Over the past two decades, growing trade deficits with China and
other countries have eliminated millions of good manufacturing jobs in
the United States. These deficits are the single most important cause
of the loss of 5 million manufacturing jobs since 1997 (Houseman 2018),
roughly 30 percent of industry employment, and the disappearance of
nearly 90,000 U.S. manufacturing plants.
One reason we are so concerned about the loss of jobs caused by
flawed trade policies is that the jobs that are directly displaced are
often manufacturing jobs, which provide excellent wages and benefits,
especially compared to the service sector, where employment has been
growing. These manufacturing jobs have often been unionized, and have
generally provided higher wages, on-the-job training, and benefits like
health care and retirement security. And EPI research has shown that
the wage-suppressing effects of our poor approach to globalization and
trade has hit all workers without college degrees across the country--
of all races and ethnicities--not just those in manufacturing who have
lost jobs directly to import competition. While trade-displaced workers
face the largest individual losses, in the aggregate the costs of these
job losses are much smaller than the wider effects of downward pressure
on wages.
Manufacturing also supports millions of good jobs in high-wage
industries such as law, accounting, and engineering and technical
services. And it was also responsible for two-thirds of private sector
R&D in 2015, according to the National Science Foundation.

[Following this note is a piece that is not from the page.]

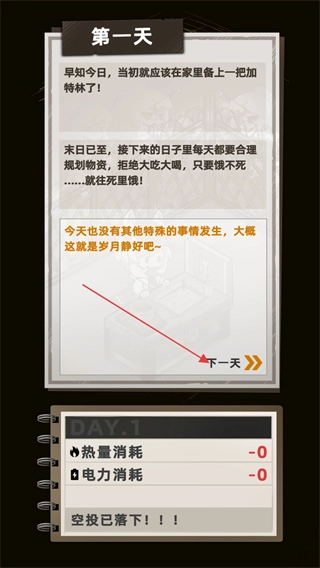 阅读完第一天对应的剧情内容后,点击界面上的“下一天”按钮,就能推进到后续的游戏天数进程。

Yet, instead of striving to create more good jobs with similar
qualities in infrastructure or the clean energy sector, or improving
the wages, labor standards, and quality of all jobs, the Trump
administration and Republicans in Congress have repeatedly attempted to
repeal or undermine the Affordable Care Act, to actively roll back or
stall basic labor standards (including killing a record-breaking number
of workplace safety and other labor regulations through unprecedented
use of the Congressional Review Act), and have failed to take action on
expanding meaningful retirement security for all. This Congress also
recently pushed through the Tax Cuts and Jobs Act, which is likely to
increase incentives to offshore production and profits of American
firms, by providing a major tax advantage for foreign profits over
domestic profits.
What we should be doing on trade policy
In conclusion, it is crucial that we work together to develop and
implement a strategic trade policy that aligns with our values and
goals, and that works as a complement to our domestic policy to create
good, skilled jobs in manufacturing, in agriculture, and in the service
sector. To do that, we need to recognize that our current and past
trade policies have failed on a number of fronts.

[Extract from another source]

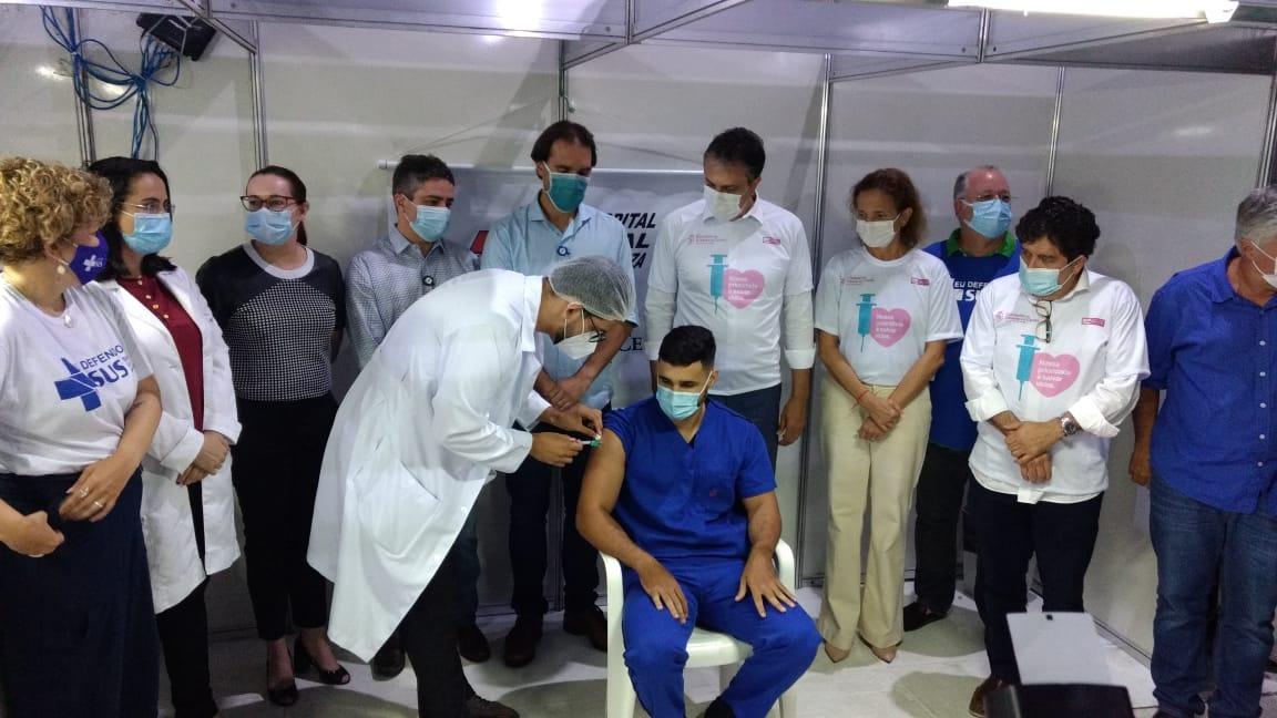 Profissionais do Instituto Doutor José Frota (IJF) e do Hospital Geral de Fortaleza (HGF) receberam doses da vacina contra a Covid-19 nesta segunda-feira (18). A imunização nas instituições ocorreu logo após os seis primeiros cearenses serem vacinados no Estado durante solenidade no Hospital Leonardo da Vinci. Foram vacinados cinco profissionais de cada unidade.

The key elements of reform include the following:
Address currency misalignment. We need to abandon the strong dollar
dogma and target a currency that allows for a manageable and stable
trade deficit. We absolutely can manage the value of the U.S. dollar,
and we need to set it at a level that essentially balances trade. This
will give U.S. manufacturing the breathing room it needs to get back a
few million jobs. (See this EPI report on the pervasive negative impact
currency misalignment has had on American jobs and wages.)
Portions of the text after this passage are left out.